WORK ORDER:
Without including any pictures, retype exactly the lines from the top of the records through the line containing "然后,特邀吉林省经济管理干部", that final line included.

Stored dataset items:

--------

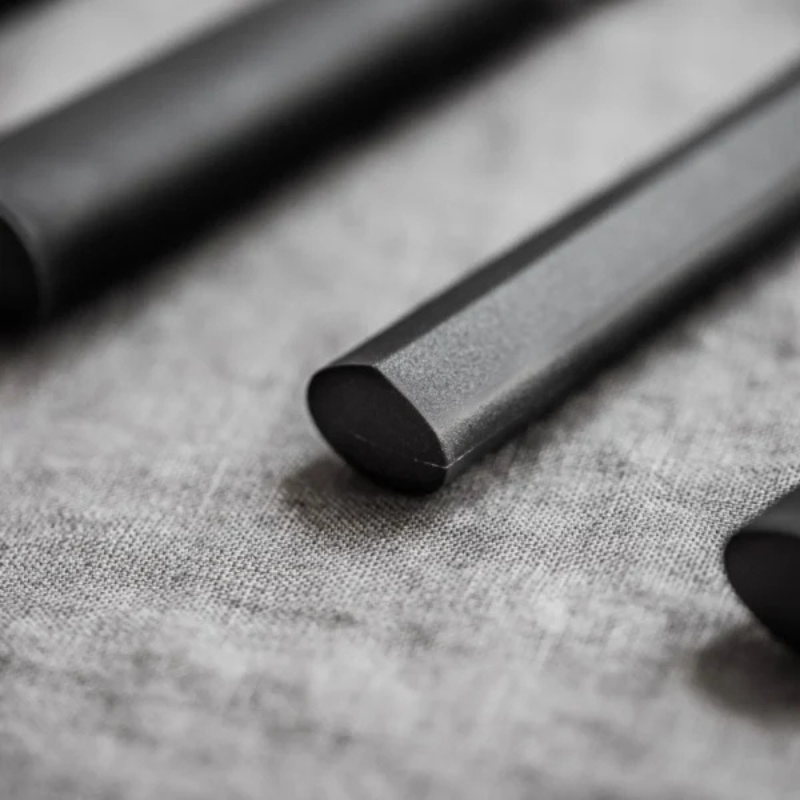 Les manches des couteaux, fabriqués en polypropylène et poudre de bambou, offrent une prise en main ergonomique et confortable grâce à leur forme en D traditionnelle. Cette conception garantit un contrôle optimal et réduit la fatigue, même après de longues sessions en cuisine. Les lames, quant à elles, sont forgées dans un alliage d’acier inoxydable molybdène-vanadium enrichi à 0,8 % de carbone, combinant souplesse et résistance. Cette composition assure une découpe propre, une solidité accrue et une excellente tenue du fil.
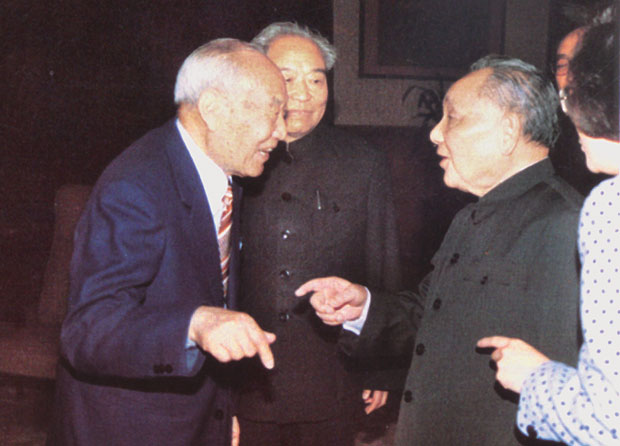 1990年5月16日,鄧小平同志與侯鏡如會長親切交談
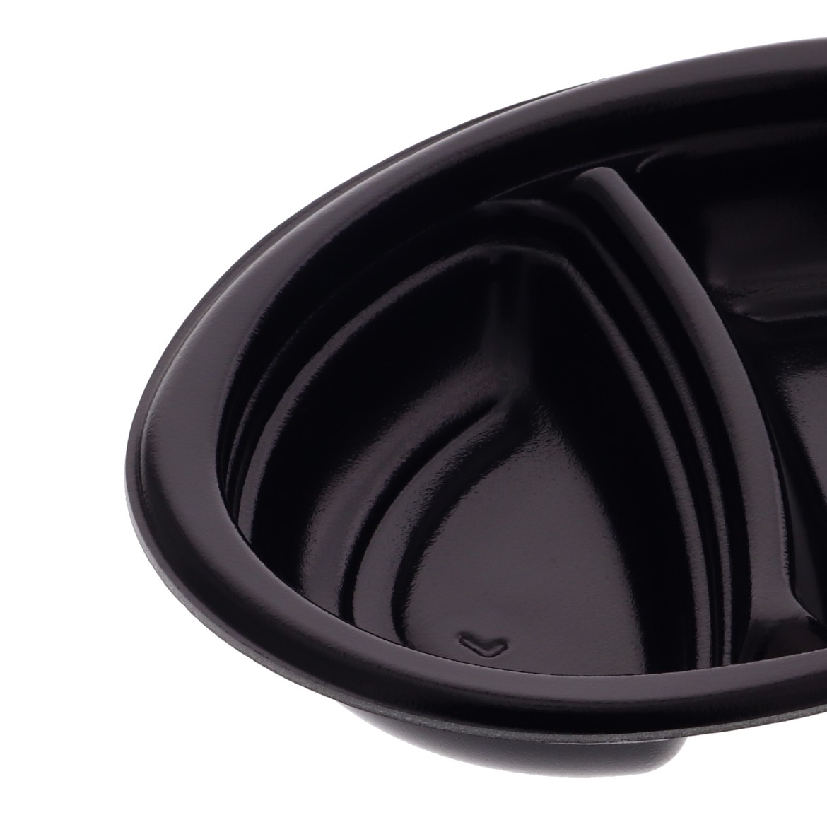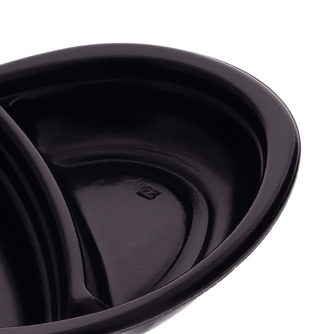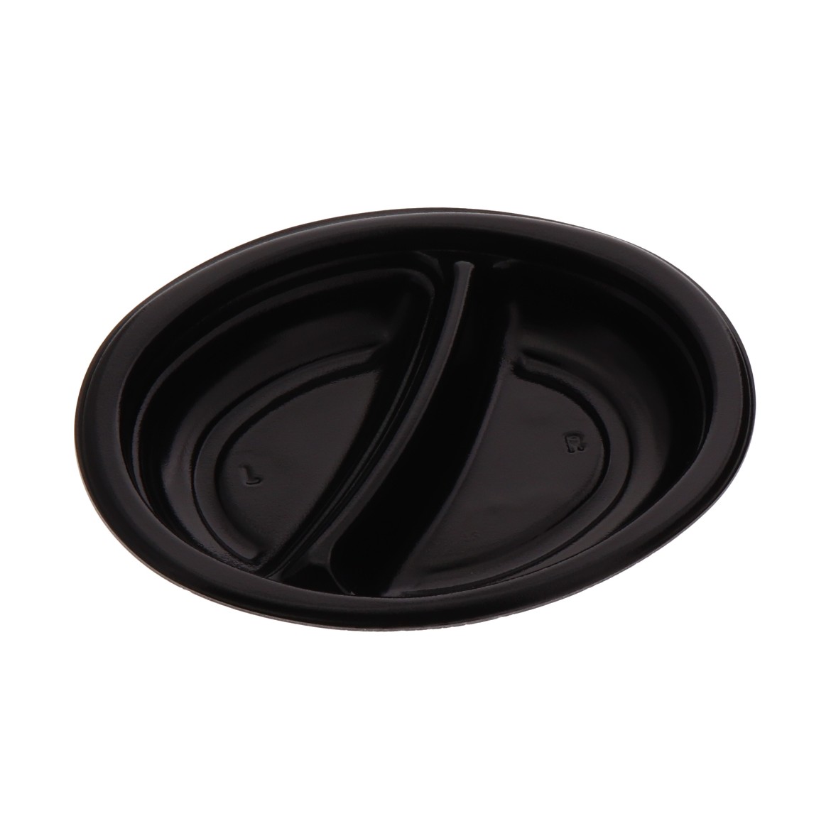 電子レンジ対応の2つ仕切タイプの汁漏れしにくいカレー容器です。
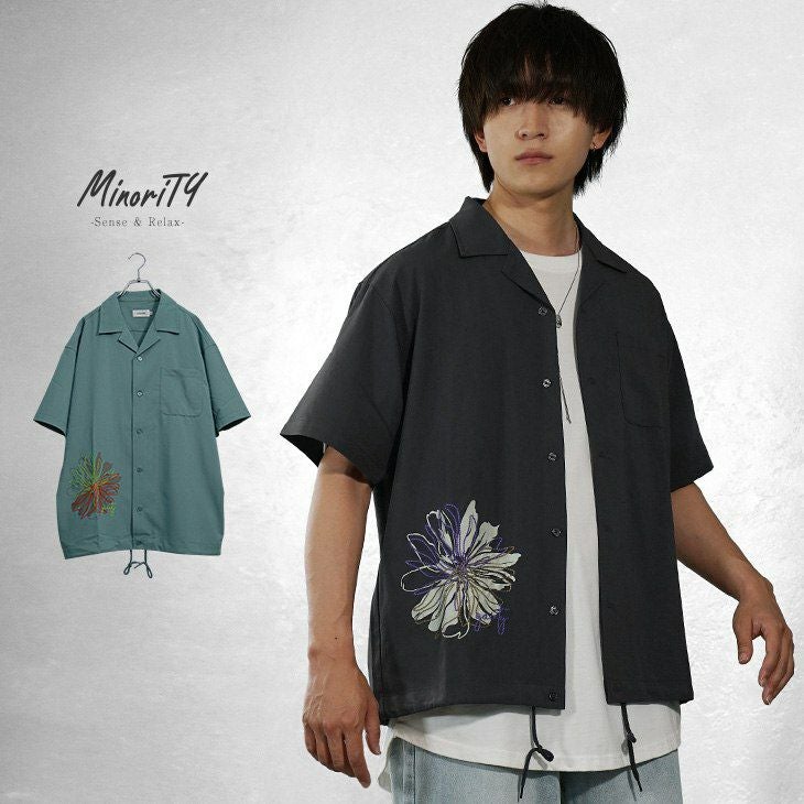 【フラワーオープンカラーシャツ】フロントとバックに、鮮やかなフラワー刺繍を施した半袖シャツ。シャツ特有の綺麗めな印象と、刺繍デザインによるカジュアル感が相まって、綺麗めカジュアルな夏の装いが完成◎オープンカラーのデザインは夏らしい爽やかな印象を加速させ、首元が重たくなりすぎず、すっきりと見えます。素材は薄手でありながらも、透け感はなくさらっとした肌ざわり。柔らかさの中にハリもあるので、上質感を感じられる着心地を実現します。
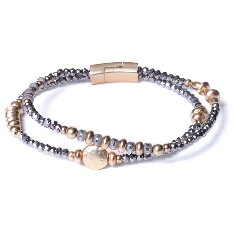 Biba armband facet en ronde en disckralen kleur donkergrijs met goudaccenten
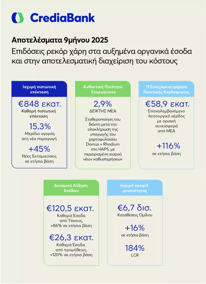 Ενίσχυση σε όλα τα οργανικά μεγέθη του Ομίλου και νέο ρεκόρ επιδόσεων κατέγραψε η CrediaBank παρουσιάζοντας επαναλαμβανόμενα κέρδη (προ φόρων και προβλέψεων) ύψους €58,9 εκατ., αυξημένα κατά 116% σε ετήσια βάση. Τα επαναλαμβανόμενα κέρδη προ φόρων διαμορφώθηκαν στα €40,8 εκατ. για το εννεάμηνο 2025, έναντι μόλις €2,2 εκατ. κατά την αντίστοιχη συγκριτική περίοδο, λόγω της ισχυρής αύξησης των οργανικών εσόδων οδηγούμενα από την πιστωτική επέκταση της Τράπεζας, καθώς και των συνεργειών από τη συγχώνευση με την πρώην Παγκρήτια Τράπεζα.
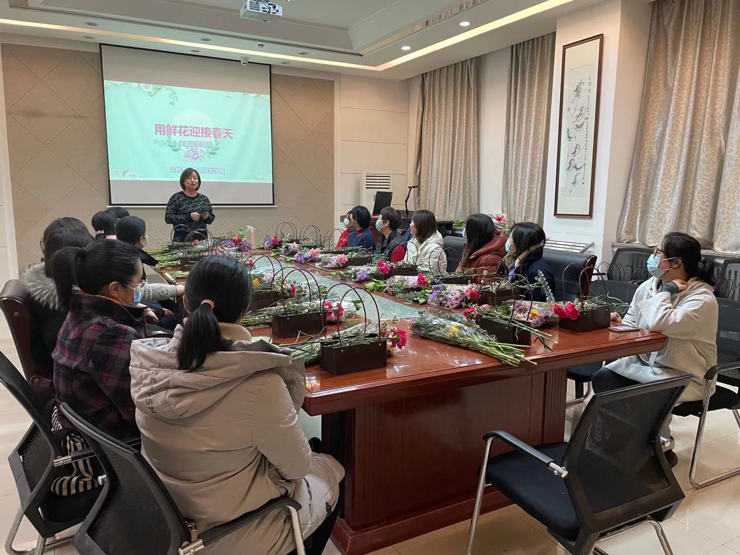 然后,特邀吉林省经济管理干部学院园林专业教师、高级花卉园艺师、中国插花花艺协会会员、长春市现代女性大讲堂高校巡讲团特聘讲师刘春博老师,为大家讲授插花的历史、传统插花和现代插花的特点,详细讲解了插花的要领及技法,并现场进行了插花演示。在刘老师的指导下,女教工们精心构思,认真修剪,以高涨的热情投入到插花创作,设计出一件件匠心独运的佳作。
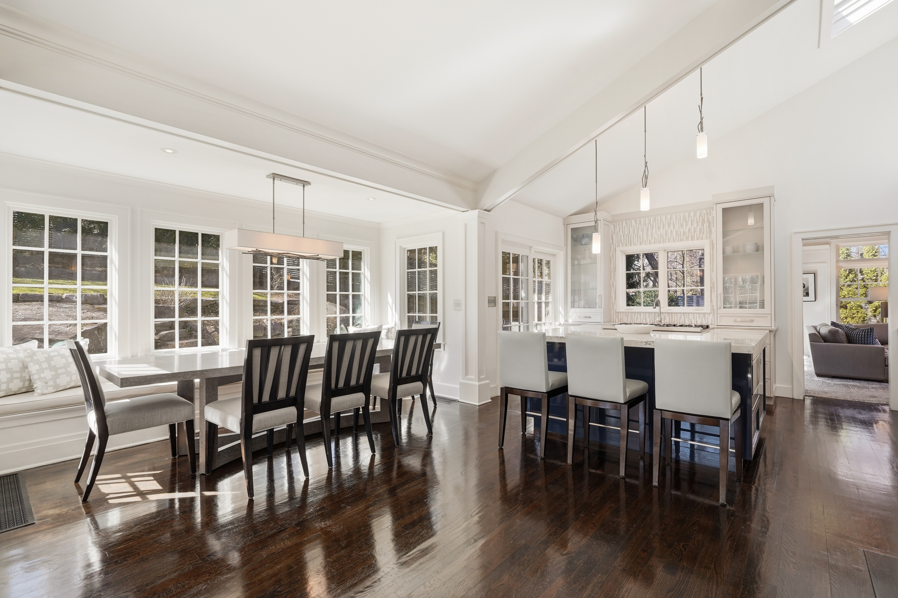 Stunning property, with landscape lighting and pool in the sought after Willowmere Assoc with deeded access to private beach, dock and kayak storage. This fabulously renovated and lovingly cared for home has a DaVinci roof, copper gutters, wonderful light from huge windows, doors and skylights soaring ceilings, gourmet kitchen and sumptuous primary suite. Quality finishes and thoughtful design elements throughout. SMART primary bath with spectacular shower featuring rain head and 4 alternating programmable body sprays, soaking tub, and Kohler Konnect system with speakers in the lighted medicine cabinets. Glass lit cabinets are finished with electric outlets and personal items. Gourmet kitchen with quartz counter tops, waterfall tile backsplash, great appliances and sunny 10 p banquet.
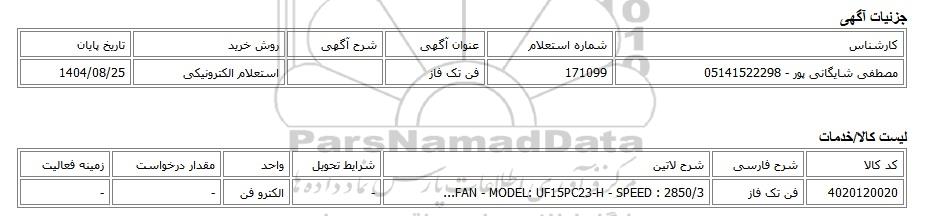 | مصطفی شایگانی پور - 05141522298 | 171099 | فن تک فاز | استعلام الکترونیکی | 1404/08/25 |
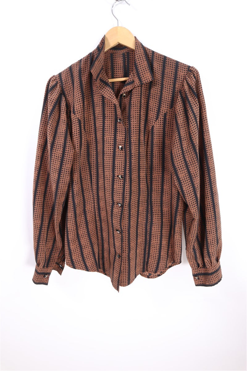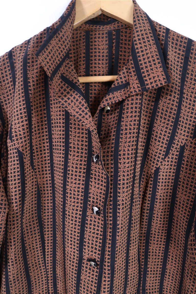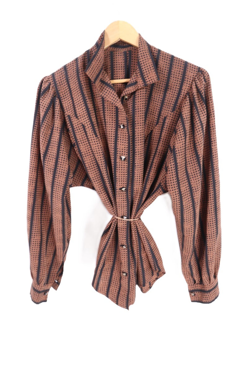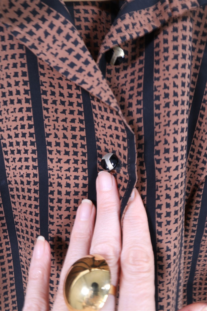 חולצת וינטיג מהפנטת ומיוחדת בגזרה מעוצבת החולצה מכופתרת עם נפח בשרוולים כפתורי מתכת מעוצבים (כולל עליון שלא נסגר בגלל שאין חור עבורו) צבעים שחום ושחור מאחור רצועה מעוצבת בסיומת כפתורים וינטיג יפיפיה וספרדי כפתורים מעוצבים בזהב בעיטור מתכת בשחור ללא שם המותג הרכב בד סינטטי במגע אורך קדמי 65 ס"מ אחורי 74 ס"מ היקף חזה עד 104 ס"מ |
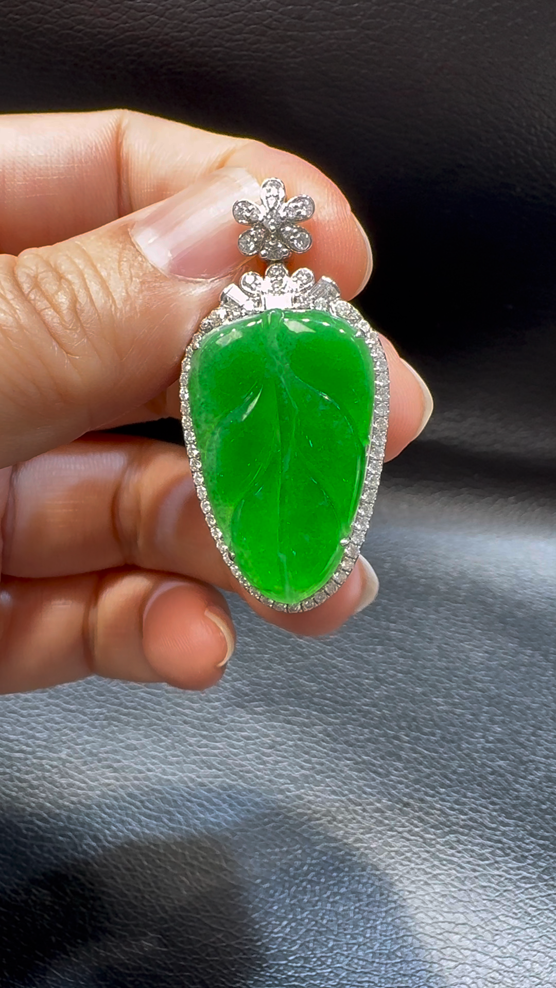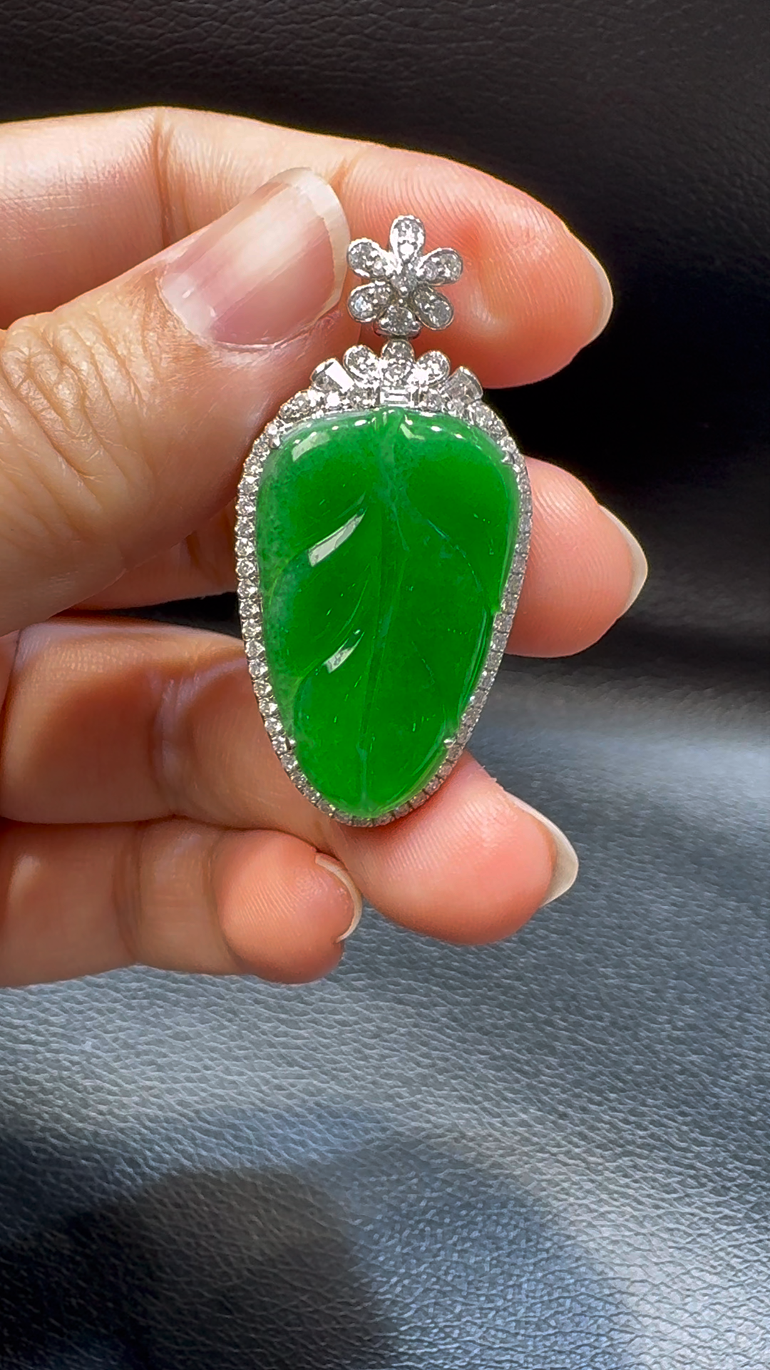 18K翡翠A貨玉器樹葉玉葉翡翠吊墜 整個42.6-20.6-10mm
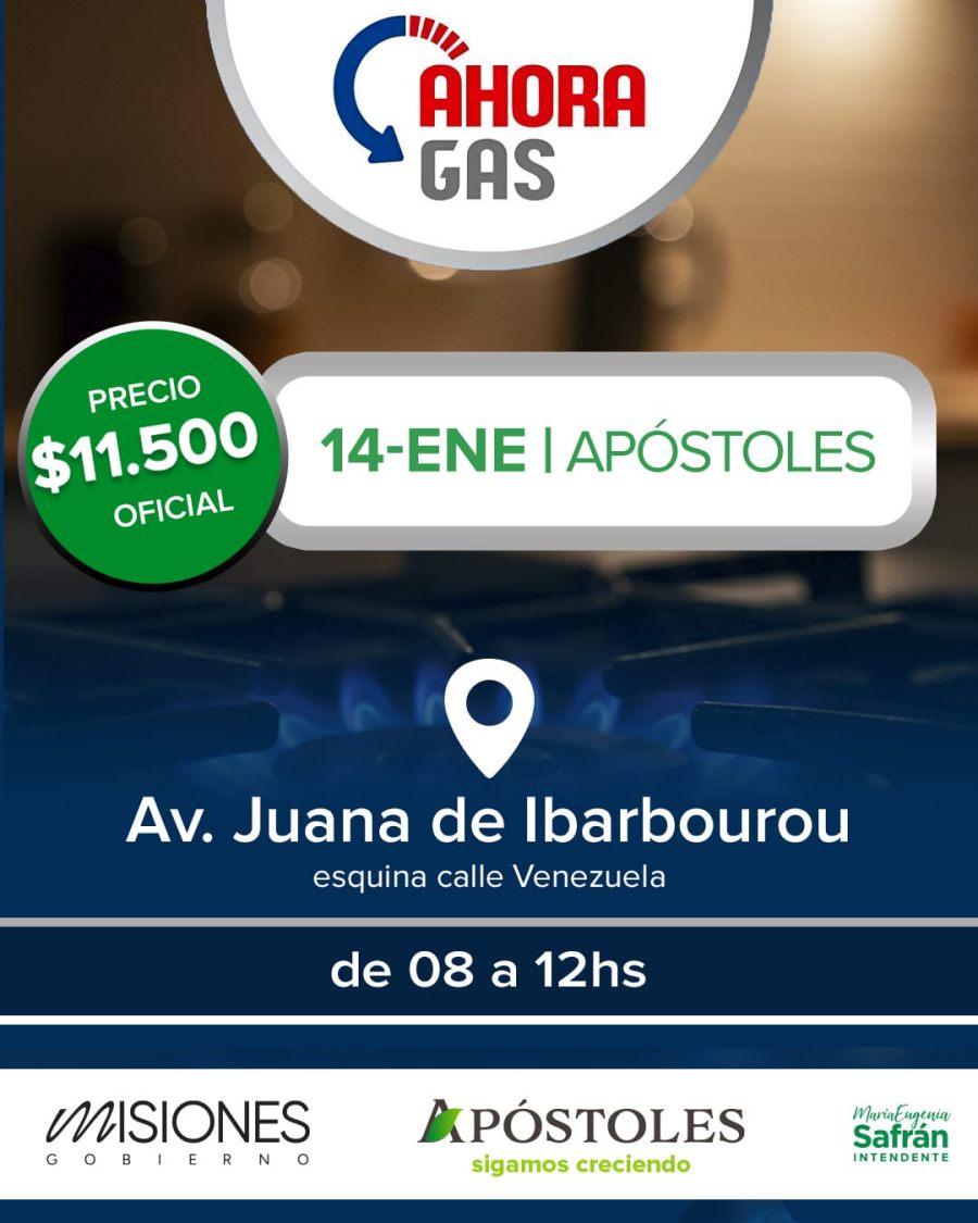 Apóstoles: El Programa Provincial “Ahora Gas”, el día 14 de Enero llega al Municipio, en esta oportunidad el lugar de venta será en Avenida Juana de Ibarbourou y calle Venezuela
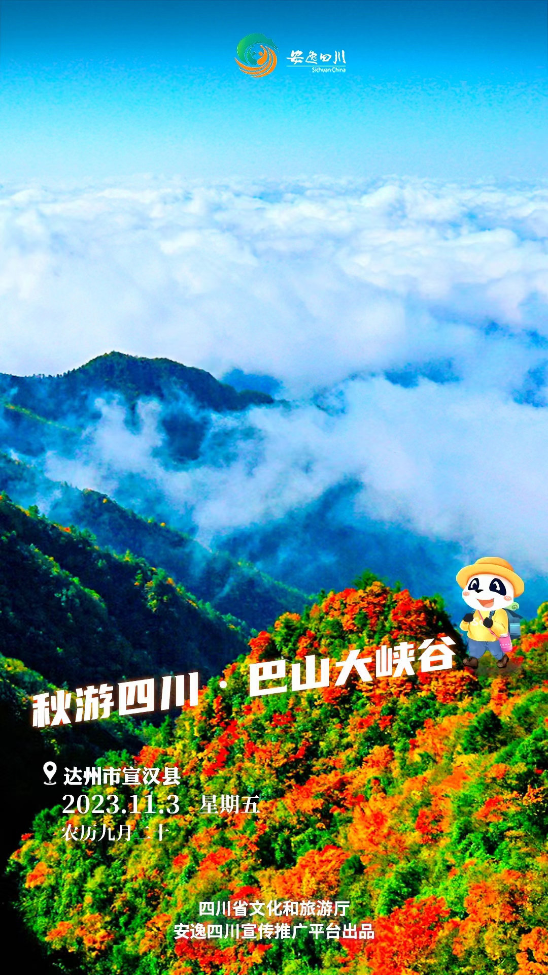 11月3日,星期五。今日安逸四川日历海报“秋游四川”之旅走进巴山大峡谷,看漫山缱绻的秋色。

--------

TASK ANSWER:
 Les manches des couteaux, fabriqués en polypropylène et poudre de bambou, offrent une prise en main ergonomique et confortable grâce à leur forme en D traditionnelle. Cette conception garantit un contrôle optimal et réduit la fatigue, même après de longues sessions en cuisine. Les lames, quant à elles, sont forgées dans un alliage d’acier inoxydable molybdène-vanadium enrichi à 0,8 % de carbone, combinant souplesse et résistance. Cette composition assure une découpe propre, une solidité accrue et une excellente tenue du fil.
 1990年5月16日,鄧小平同志與侯鏡如會長親切交談
 電子レンジ対応の2つ仕切タイプの汁漏れしにくいカレー容器です。
 【フラワーオープンカラーシャツ】フロントとバックに、鮮やかなフラワー刺繍を施した半袖シャツ。シャツ特有の綺麗めな印象と、刺繍デザインによるカジュアル感が相まって、綺麗めカジュアルな夏の装いが完成◎オープンカラーのデザインは夏らしい爽やかな印象を加速させ、首元が重たくなりすぎず、すっきりと見えます。素材は薄手でありながらも、透け感はなくさらっとした肌ざわり。柔らかさの中にハリもあるので、上質感を感じられる着心地を実現します。
 Biba armband facet en ronde en disckralen kleur donkergrijs met goudaccenten
 Ενίσχυση σε όλα τα οργανικά μεγέθη του Ομίλου και νέο ρεκόρ επιδόσεων κατέγραψε η CrediaBank παρουσιάζοντας επαναλαμβανόμενα κέρδη (προ φόρων και προβλέψεων) ύψους €58,9 εκατ., αυξημένα κατά 116% σε ετήσια βάση. Τα επαναλαμβανόμενα κέρδη προ φόρων διαμορφώθηκαν στα €40,8 εκατ. για το εννεάμηνο 2025, έναντι μόλις €2,2 εκατ. κατά την αντίστοιχη συγκριτική περίοδο, λόγω της ισχυρής αύξησης των οργανικών εσόδων οδηγούμενα από την πιστωτική επέκταση της Τράπεζας, καθώς και των συνεργειών από τη συγχώνευση με την πρώην Παγκρήτια Τράπεζα.
 然后,特邀吉林省经济管理干部学院园林专业教师、高级花卉园艺师、中国插花花艺协会会员、长春市现代女性大讲堂高校巡讲团特聘讲师刘春博老师,为大家讲授插花的历史、传统插花和现代插花的特点,详细讲解了插花的要领及技法,并现场进行了插花演示。在刘老师的指导下,女教工们精心构思,认真修剪,以高涨的热情投入到插花创作,设计出一件件匠心独运的佳作。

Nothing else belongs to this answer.